- _REQUIRED WORK_:
Please retype the entries below exactly, only from their first line through the line containing "Титан М2937 —", leaving every picture out.
SOURCE DATA Start Marker
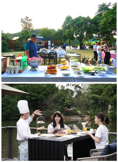湖畔烤吧:由14个林间烧烤炉组成,可以进行森林中的户外烧烤、同学聚会等系列团建活动。湖内养有草鱼、罗非等鱼类,客人可以享受垂钓的乐趣。对面就是幸福共享中心,可以举办餐饮、会务、私人PATY等活动。
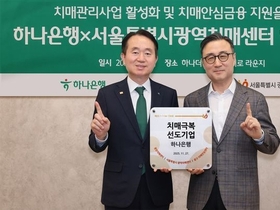 [뉴시니어 = 조성윤 기자] 하나은행이 최근 하나더넥스트 을지로 라운지에서 서울특별시광역치매센터와 '치매관리사업 활성화 및 시니어 맞춤 치매안심금융 지원을 위한 업무협약'을 체결했다. 하나은행의 금융 인프라와 서울특별시광역치매센터의 치매관리사업 노하우가 바탕이 된 이번 협약은 시니어를 위한 치매교육 및 인식개선과 치매 단계별 금융지원을 통해 치매 친화적 금융문화를 조성하기 위해 마련됐다. 이번 협약을 통해 양 기관은 ▲치매교육 및 인식개선 ▲치매환자 및 가족의 금융업무·자산관리 지원 ▲치매관련 업무 역량 강화 및 종사자 간 상호이해를 위한 교류 ▲치매 인식개선을 위한 협업 사업 발굴 등을 적극 추진할 계획이다. 특히, 하나은행과 서울특별시광역치매센터는 ▲기억친구 리더 양성과정 운영 ▲인지 건강·금융보호 프로그램 공동기획 ▲영업점·라운지 기반 치매안심 금융상담 ▲의료·복지기관 연계 캠페인 등 '시니어 맞춤 치매안심금융 서비스'를 단계적으로 확대할 예정이다. 이날 서울 중구 치매안심센터와 하나은행의 '치매극복선도기업' 지정을 기념하는 현판식도 함께 진행됐다. '치매극복선도기업'은 보건복지부 중앙치매센터가 치매에 대한 인식개선과 치매가정을 위한 안전망 구축에 힘쓴
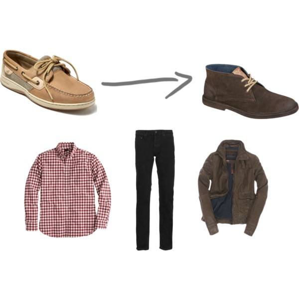 Finally, here’s a look for the guys. Instead of Sperry’s, choose a desert boot, and pair it with your favorite jeans, a checkered button down and a cargo jacket. Why shouldn’t guys have a fashionable fall, too?
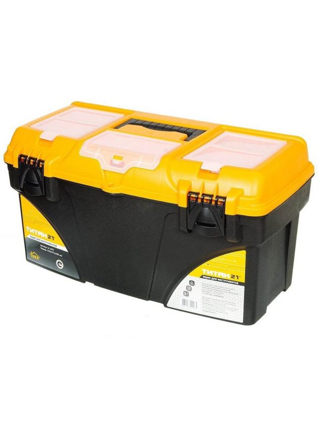 Титан М2937 — простой и надежный ящик, используемый для хранения и транспортировки инструментов, метизов и различных хозяйственных мелочей. Имеет отдельные прозрачные секции в крышке.
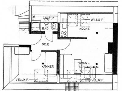 Single-Wohnung Nähe Knappschaftskrankenhaus: Gut ausgestattete, praktisch geschnittene Dachgeschoss-Wohnung in guter Wohnlage in Bochum-Langendreer mit Diele, Schlafraum (er zählt aufgrund der Schrägen als "halber" Raum), Wohnraum mit Kochecke, Bad mit Dusche. Die Wohnung hat Echtholzparkett und holzvertäfelte Schrägen. Zweckmäßige Einbauschränke nutzen den vorhandenen Raum optimal; eine kleine Hochetage im Wohnraum kann als Bett, als Fernsehnische oder als Stauraum genutzt werden. Es ist eine Dachgeschosswohnung mit Schrägen; die Grundfläche ist daher erheblich größer als die angegebene Wohnfläche (vgl. Grundriss) Zu der Wohnung gehören ein Kellerraum und eine Garage. Im Keller gibt es einen eigenen Anschluss für eine Waschmaschine, es ist ein Trockenraum vorhanden. Das Haus ist ein gepflegter Altbau mit einem Garten, der von den Mietern (vier Mietparteien im Haus) gemeinschaftlich genutzt wird.
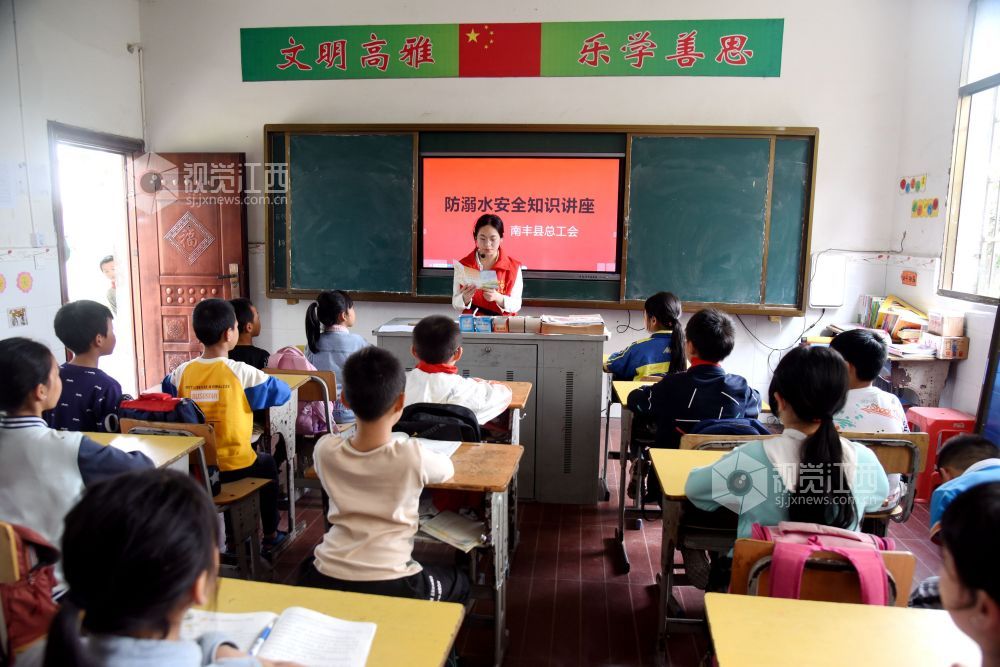 2022年5月27日,江西省抚州市南丰县总工会组织开展的“安全教育进校园”活动走进太和镇康都村小学,旨在增强农村留守儿童及困境儿童的防溺水安全意识和避险自救能力。
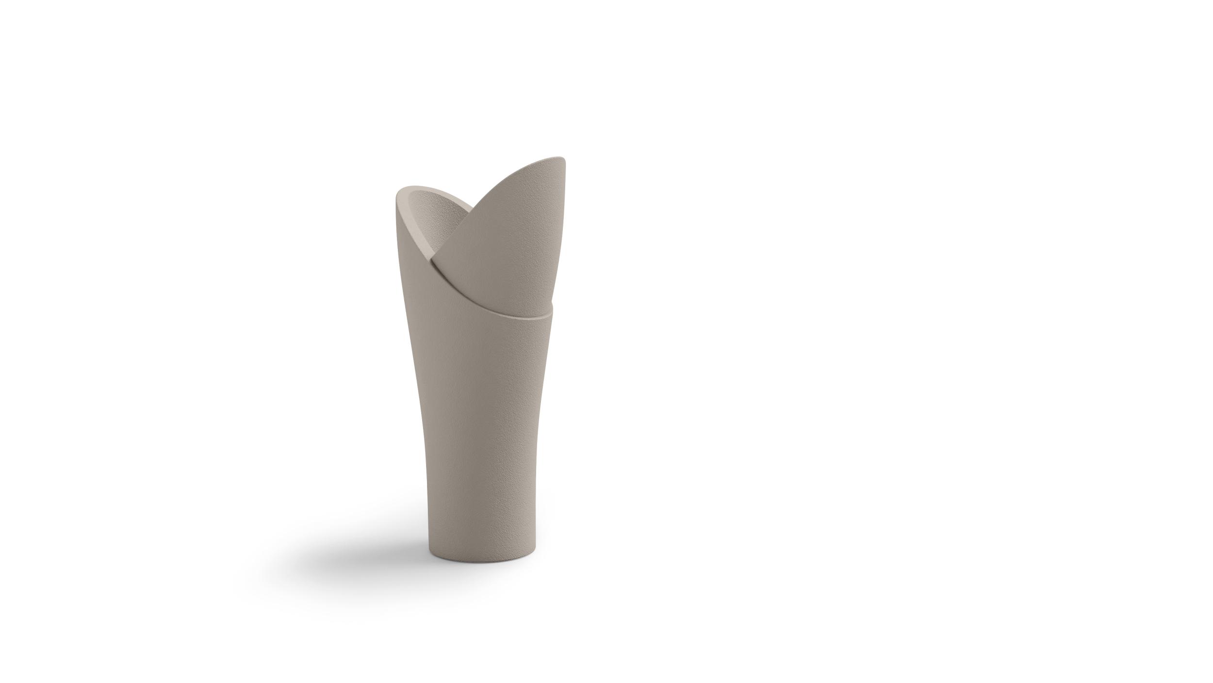 Diese Vase ist für den Einzeleinsatz gedacht, wo sie ihre schlichte, klare Eleganz allein oder in Kombination mit den anderen beiden Größen und verschiedenen verfügbaren Farben zur Geltung bringt. Zusammen ergeben die Vasen eine harmonische Komposition, die jedem Raum Tiefe und optische Attraktivität verleiht.
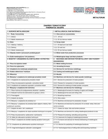 MIĘDZYNARODOWE TARGI POZNAŃSKIE Sp. z o. o. POZNAŃ INTERNATIONAL FAIR Ltd. ul. Głogowska 14, 60-734 Poznań, Poland tel +48/61 869 21 16; fax +48/61 869 29 99 Konto / Bank account: Powszechna Kasa Oszczędności Bank Polski S.A. w Warszawie o/Poznań Nr konta PLN: 38 102040270000110204242962 Nr konta EUR (IBAN): PL 46 102040270000140210929075, SWIFT: BPKOPLPW Podatnik VAT czynny / Active VAT Payer, NIP / Tax ID: 777-00-00-488 Sąd Rejonowy Poznań – Nowe Miasto i Wilda w Poznaniu / Poznan District Court VIII Wydział Gospodarczy Krajowego Rejestru Sądowego / 8th Division of National Court Register KRS / Registered number: 0000202703 Kapitał zakładowy / Share capital: 42 310 200,00 PLN METALFORUM ZAKRES TEMATYCZNY THEMATIC SCOPE 1. SUROWCE METALURGICZNE 1. METALLURGICAL RAW MATERIALS 1.1. Rudy i koncentraty 1.1. Ores and ore concentrates 1.1.1. Żelaza 1.1.1. Of iron 1.1.2. Metali nieżelaznych 1.1.2. Of non-ferrous metals 1.2. Złom 1.2. Scrap metal 1.2.1. Stalowy i staliwny 1.2.1. Of steel and cast steel 1.2.2. Żeliwny 1.2.2. Of cast iron 1.2.3. Metali nieżelaznych 1.2.3. Of non-ferrous metals 1.3. Odpady metali w procesach produkcyjnych 1.3. Metal waste from production processes 1.4. Żużle metalurgiczne i ich przetwory 1.4. Metallurgical slags and their products 2. MASZYNY I URZĄDZENIA DLA METALURGII I HUTNICTWA 2. MACHINES AND DEVICES FOR METALLURGY AND FOUNDRY ENGINEERING 2.1. Piece do topienia metali 2.1. Metal melting furnaces 2.2. Piece do wyżarzania 2.2. Annealing furnaces 2.3. Urządzenia do metalurgii pozapiecowej 2.3. Devices for non-furnace metallurgy 2.4. Kadzie odlewnicze i hutnicze 2.4. Casting and metallurgical ladles 2.5. Wlewnice 2.5. Moulds 2.6. Maszyny i urządzenia do metalurgii proszków metali 2.6. Machines and devices for metal powder metallurgy 2.6.1. Urządzenia do wytwarzania proszków metali 2.6.1. Devices for production of metal powders 2.6.2. Prasy do prasowania wyprasek z proszków metali 2.6.2. Presses for compaction of metal powders 2.6.3. Urządzenia do spiekania wyprasek z proszków metali 2.6.3. Devices for sintering of metal powder compacts 2.7. Maszyny i urządzenia dla hutnictwa 2.7. Machines and devices for metallurgy 2.7.1. Piece hutnicze do podgrzewania wlewków i wsadów 2.7.1. Metallurgical furnaces for heating of ingots and charges 2.7.2. Walcarki hutnicze do walcowania na gorąco i zimno 2.7.2. Metallurgical hot and cold rolling mills 2.7.3. Przeciągarki 2.7.3. Broaching machines 2.7.4. Zwijarki do drutów 2.7.4. Wire coilers 2.7.5. Maszyny i urządzenia do produkcji rur 2.7.5. Machines and devices for production of pipes 2.7.6. Maszyny i urządzenia do produkcji taśm ciętych z blachy, folii i 2.7.6. Machines and devices for production of cut sheet strips, foils and podobnych wyrobów similar products 2.7.7. Zwijarki do taśm, folii i podobnych 2.7.7. Coilers for strips, foils and similar products 2.7.8. Maszyny i urządzenia do cięcia wyrobów hutniczych na wymiar 2.7.8. Machines and devices for cutting metallurgical products to size 2.7.9. Prasy do prasowania, wytłaczania i wykrawania 2.7.9. Presses for pressing, extruding and punching 2.7.10. Młoty do odkuwania wyrobów hutniczych 2.7.10. Hammers for forging of metallurgical products 2.7.11.Piece i urządzenia do obróbki cieplnej wyrobów hutniczych 2.7.11.Furnaces and devices for thermal distressing of metallurgical products 2.7.12. Urządzenia do pakietowania wyrobów hutniczych 2.7.12. Devices for packeting of metallurgical products 2.7.13. Ciągi technologiczne walcarek i przeciągarek 2.7.13. Technological lines of rolling mills and broaching machines 2.7.14. Urządzenia transportu międzyoperacyjnego 2.7.14. Devices for inter-operational transport 2.7.15. Inne maszyny i urządzenia hutnicze 2.7.15. Other metallurgical machines and devices 2.7.16. Wyposażenie i oprzyrządowanie maszyn i urządzeń 2.7.16. Equipment and instrumentation for metallurgical machines and hutniczych devices 2.7.17. Materiały i osprzęt dla hutnictwa 2.7.17. Materials and equipment for metallurgy 2.7.18. Kompletne linie technologiczne, obiekty, metalurgiczne, 2.7.18. Complete metallurgical, foundry and steel working technological odlewnicze, hutnicze lines 3. PRODUKTY HUTNICTWA I ODLEWNICTWA 3. METALLURGICAL PRODUCTS AND CASTS 3.1. Druty 3.1. Wires 3.1.1. Druty ogólnego przeznaczenia 3.1.1. Wires for general purpose 3.1.2. Druty spawalnicze 3.1.2. Wires for welding 3.1.3. Druty ciągnione na zimno 3.1.3. Cold-drawn wires 3.1.4. Druty z metali nieżelaznych 3.1.4. Non-ferrous wires 3.1.5.Inne 3.1.5. Other wires 3.2. Rury 3.2. Pipes 3.2.1. Rury żeliwne i dodatki 3.2.1. Cast iron pipes and auxiliary elements 3.2.1.1. Rury żeliwne, przewody rurowe, profile i tuleje z żeliwa 3.2.1.1. Steel pipes, pipe conduits, sections and sleeves of cast iron 3.2.1.2. Złącza do rur żeliwne 3.2.1.2. Cast iron joints for pipes 3.2.2.Rury stalowe 3.2.2. Steel pipes 3.2.2.1. Rury, przewody rurowe, profile drążone i tuleje stalowe 3.2.2.1. Pipes, pipe conduits, hollowed sections and steel sleeves 3.2.2.2. Rury stalowe bez szwu 3.2.2.2. Steel seamless pipes 3.2.2.3. Rury stalowe spawane 3.2.2.3. Steel welded pipes 3.2.2.4. Złącza do rur staliwne i stalowe 3.2.2.4. Cast steel and steel joints 3.2.3. Rury z metali nieżelaznych 3.2.3. Non-ferrous pipes 3.2.4. Inne 3.2.4. Other pipes 3.3. Pręty 3.3. Bars 3.3.1. Pręty ciągnione na zimno 3.3.1. Cold-drawn bars 3.3.2. Pręty walcowane na gorąco 3.3.2. Hot-rolled bars 3.3.3. Pręty zbrojeniowe 3.3.3. Reinforcing bars 3.3.4. Pręty z metali nieżelaznych 3.3.4. Non-ferrous bars 3.3.5. Inne 3.3.5. Other bars 3.4. Blachy 3.4. Sheets 3.4.1. Blachy walcowane na gorące 3.4.1. Hot-rolled sheets 3.4.2. Blachy walcowane na zimno 3.4.2. Cold-rolled sheets 3.4.3. Blachy walcowane nawrotnie 3.4.3. Reversible-rolled sheets 3.4.4. Blachy ocynkowane 3.4.4. Zinc coated sheets 3.4.5. Blachy z metali nieżelaznych 3.4.5. Non-ferrous sheets 3.4.6. Inne 3.4.6. Other sheet
SOURCE DATA End Marker
- _ANSWER TO THE PROBLEM_:
湖畔烤吧:由14个林间烧烤炉组成,可以进行森林中的户外烧烤、同学聚会等系列团建活动。湖内养有草鱼、罗非等鱼类,客人可以享受垂钓的乐趣。对面就是幸福共享中心,可以举办餐饮、会务、私人PATY等活动。
 [뉴시니어 = 조성윤 기자] 하나은행이 최근 하나더넥스트 을지로 라운지에서 서울특별시광역치매센터와 '치매관리사업 활성화 및 시니어 맞춤 치매안심금융 지원을 위한 업무협약'을 체결했다. 하나은행의 금융 인프라와 서울특별시광역치매센터의 치매관리사업 노하우가 바탕이 된 이번 협약은 시니어를 위한 치매교육 및 인식개선과 치매 단계별 금융지원을 통해 치매 친화적 금융문화를 조성하기 위해 마련됐다. 이번 협약을 통해 양 기관은 ▲치매교육 및 인식개선 ▲치매환자 및 가족의 금융업무·자산관리 지원 ▲치매관련 업무 역량 강화 및 종사자 간 상호이해를 위한 교류 ▲치매 인식개선을 위한 협업 사업 발굴 등을 적극 추진할 계획이다. 특히, 하나은행과 서울특별시광역치매센터는 ▲기억친구 리더 양성과정 운영 ▲인지 건강·금융보호 프로그램 공동기획 ▲영업점·라운지 기반 치매안심 금융상담 ▲의료·복지기관 연계 캠페인 등 '시니어 맞춤 치매안심금융 서비스'를 단계적으로 확대할 예정이다. 이날 서울 중구 치매안심센터와 하나은행의 '치매극복선도기업' 지정을 기념하는 현판식도 함께 진행됐다. '치매극복선도기업'은 보건복지부 중앙치매센터가 치매에 대한 인식개선과 치매가정을 위한 안전망 구축에 힘쓴
 Finally, here’s a look for the guys. Instead of Sperry’s, choose a desert boot, and pair it with your favorite jeans, a checkered button down and a cargo jacket. Why shouldn’t guys have a fashionable fall, too?
 Титан М2937 — простой и надежный ящик, используемый для хранения и транспортировки инструментов, метизов и различных хозяйственных мелочей. Имеет отдельные прозрачные секции в крышке.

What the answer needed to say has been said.